Three numbers are very important to keep in mind and understand what they represent:
- 46 million.
The two final candidates (Liz+Rishi) of the conservative PM race were selected in multiple voting iterations by ~350 conservative MPs.
On September 5th ~170,000 conservative members voted and elected Liz Truss as the Prime Minister.
The total electorate for parliamentary votes in the UK has over 46 million voters.
Our report reflects the opinions of the 46 million voters; thus, the ranking may be able to predict what would happen if the vote for the election of a conservative PM was put to a national vote yesterday. To better interpret our rankings above we should keep in mind that in 2022 around 85% of the UK population are social media users.
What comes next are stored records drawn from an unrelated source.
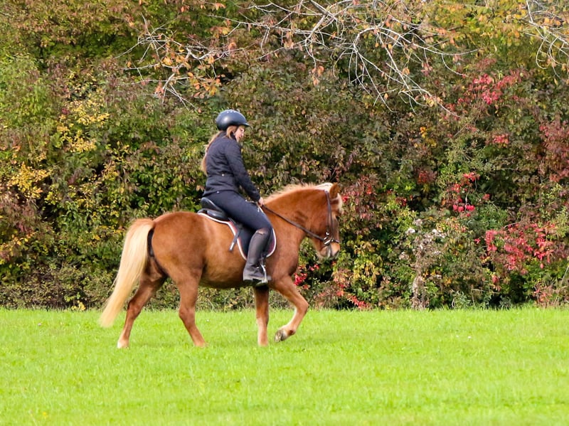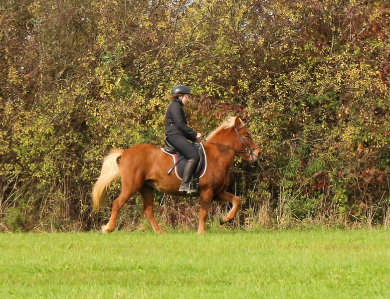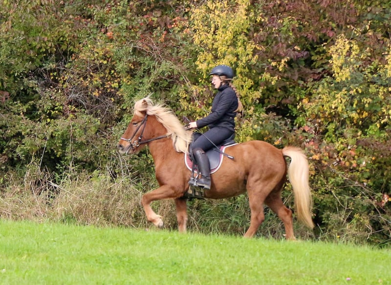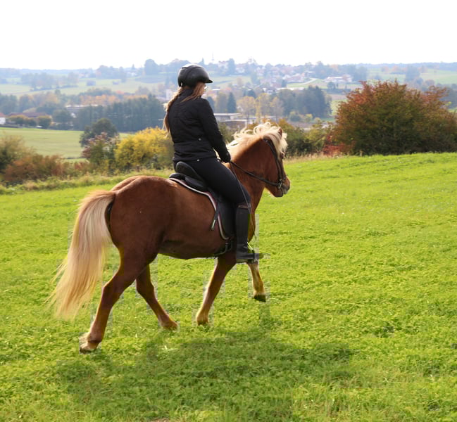 Zum Verkauf steht die 4,5 jährige, 5gängige Islandstute Maistjarna. Mit ihrem stimmigen, stabilen Gebäude, einer tollen Oberlinie und ihrer wunderschönen Farbe, ist sie ein echter Hinkucker. Auch ihr Charakter ist eine 12/10! Körperlich ist sie nicht die Größte, fühlt sich aber an wie ein "richtiges Pferd". Ich schätze sie auf ca. 1,37m. V: Krani frá Hofi Sie ist erst seit kurzem unter dem Sattel und begeistert seit dem 1. Training mit ihrer unkomplizierten, lerwilligen Arbeitseinstellung. Die Stute wird auf dem Platz und im Gelände (auch alleine!) aktuell 4gängig geritten. Die Gänge sind problemlos abrufbar Sie zeigt sich ausbalanciert, mit viel Takt und Fluss in allen Gangarten. Ein absolutes Sofa! Besonders viel Freude bereitet ihr endloser Tölt. Maistjarna verfügt über mittleres Temperament, will immer gefallen und ist absolut kopfklar! Aktuell ist sie UNBESCHLAGEN! Wir konnten hier keinerlei Unarten festellen. Maistjarna zeigt keine Anzeichen von Ekzem. Sie ist Tetanus und Influenza geimpft Sie lernt alles kennen was ein junges Pferd kennen muss : -Verladen -Ausschneiden -Kühe -Schafe -Hunde -Kinder -Longieren -Handpferdereiten -Stangen Maistjarna hat ein Herz aus Gold und verdient ein 5****Zuhause! Ob für die Zucht (hatte bereits 1 Fohlen), Turnier oder einfach endloses Durch-den-Wald-tölten, Maistjarna deckt alles ab! Wer einen kopfklaren Allrounder mit viel Herz sucht, ist hier genau richtig. Maistjarna kann gerne noch zur weiteren Ausbildung hier bleiben. Vorbei kommen und verlieben!
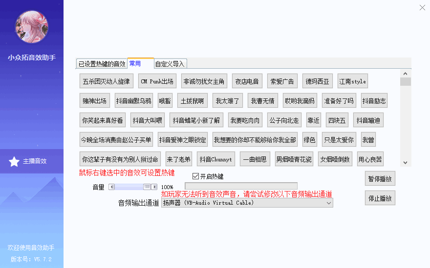 1、支持快捷键设置,可以快速的播放对应的音效。
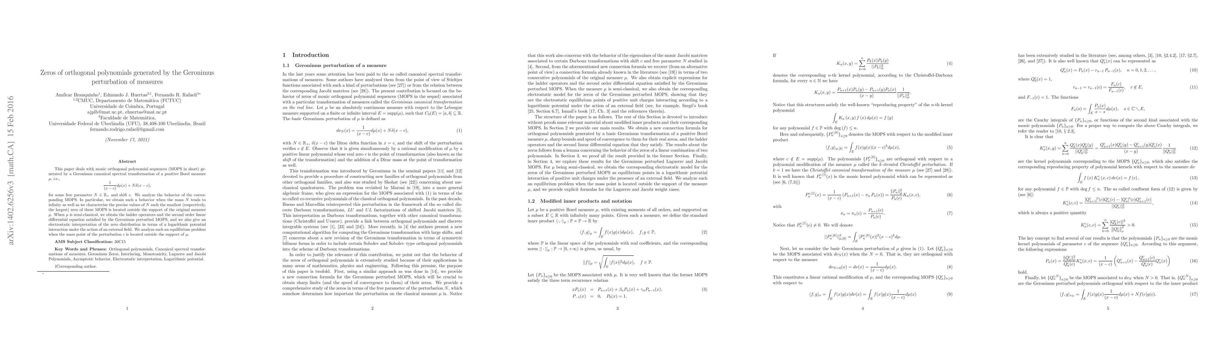 This paper deals with monic orthogonal polynomial sequences (MOPS in short) generated by a Geronimus canonical spectral transformation of a positive Borel measure $\mu$, i.e., \begin{equation*} \frac{1}{(x-c)}d\mu (x)+N\delta (x-c), \end{equation*} for some free parameter $N \in \mathbb{R}_{+}$ and shift $c$. We analyze the behavior of the corresponding MOPS. In particular, we obtain such a behavior when the mass $N$ tends to infinity as well as we characterize the precise values of $N$ such the smallest (respectively, the largest) zero of these MOPS is located outside the support of the original measure $\mu$. When $\mu$ is semi-classical, we obtain the ladder operators and the second order linear differential equation satisfied by the Geronimus perturbed MOPS, and we also give an electrostatic interpretation of the zero distribution in terms of a logarithmic potential interaction under the action of an external field. We analyze such an equilibrium problem when the mass point of the perturbation $c$ is located outside of the support of $\mu$.
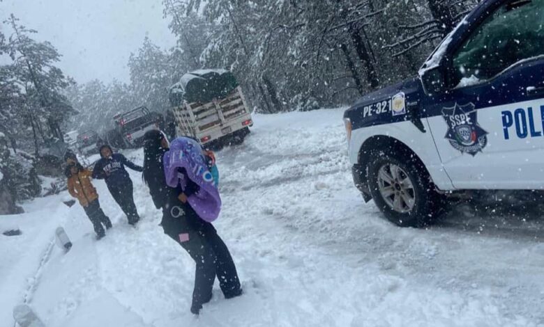 El hecho se registró durante la mañana del 24 de enero, sobre la carretera que comunica de Hidalgo del Parral hacia Guadalupe y Calvo, donde los agentes estatales localizaron una camioneta detenida a un costado del camino, imposibilitada para continuar su marcha por la acumulación de nieve en la zona.

From that we can infer that the online posts gathered from various sources between March and September this year may impact up to 85% of the voters; it could be a bit less because the older population who do not have access to social media are all voters whereas the 85% (people with access to social media) includes children below 18 who are not voters yet. Having said that online News is one of the sources (the media) which is editorial and impacts the opinions of everyone who are exposed to the media.
The discussion in our previous report about possible scenarios was inferring that the conservative members should pay attention who was the most likely candidate to win the national election in January 2025 and let that inform their decision.
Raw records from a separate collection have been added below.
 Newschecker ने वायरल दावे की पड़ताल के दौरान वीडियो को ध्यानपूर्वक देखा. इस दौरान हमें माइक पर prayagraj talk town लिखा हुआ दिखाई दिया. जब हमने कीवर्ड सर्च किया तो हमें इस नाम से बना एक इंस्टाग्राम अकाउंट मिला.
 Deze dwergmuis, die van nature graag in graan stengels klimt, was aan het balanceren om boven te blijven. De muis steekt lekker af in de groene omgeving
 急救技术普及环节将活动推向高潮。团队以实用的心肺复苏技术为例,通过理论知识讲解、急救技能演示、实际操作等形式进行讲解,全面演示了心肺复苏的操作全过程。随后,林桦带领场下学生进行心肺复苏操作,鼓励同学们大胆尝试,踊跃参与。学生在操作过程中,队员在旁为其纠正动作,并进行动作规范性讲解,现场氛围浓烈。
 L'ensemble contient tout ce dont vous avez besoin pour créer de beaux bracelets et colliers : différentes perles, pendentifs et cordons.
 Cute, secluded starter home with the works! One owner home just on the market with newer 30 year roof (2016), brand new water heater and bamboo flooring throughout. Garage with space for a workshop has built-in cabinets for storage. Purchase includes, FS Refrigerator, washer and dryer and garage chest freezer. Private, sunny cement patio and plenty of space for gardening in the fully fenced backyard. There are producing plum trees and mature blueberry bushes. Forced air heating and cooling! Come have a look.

Unfortunately, they did not do that.
The social media data indicates that Rishi would have a better chance to beat Keir.
The question now is if this data was predictive for the last two finalists and for the September 5th vote - which it was - will it also be predictive for the national election results in 2025? It looks like it is when 2 out of 2 times the share of voice predicted the outcome!
Stay tuned for more data from DMR on the subject.
This is what we wrote on September 7th, 2022. I think for the 4th time unsolicited citizen opinion from social media and other online sources proves to be much more predictive than polls which are based on samples of respondents (who sometimes lie and sometimes forget what they said or did a week ago) that may not be representative.
We think that it is about time for social media listening and analytics to take its rightful place in the political forecasting business.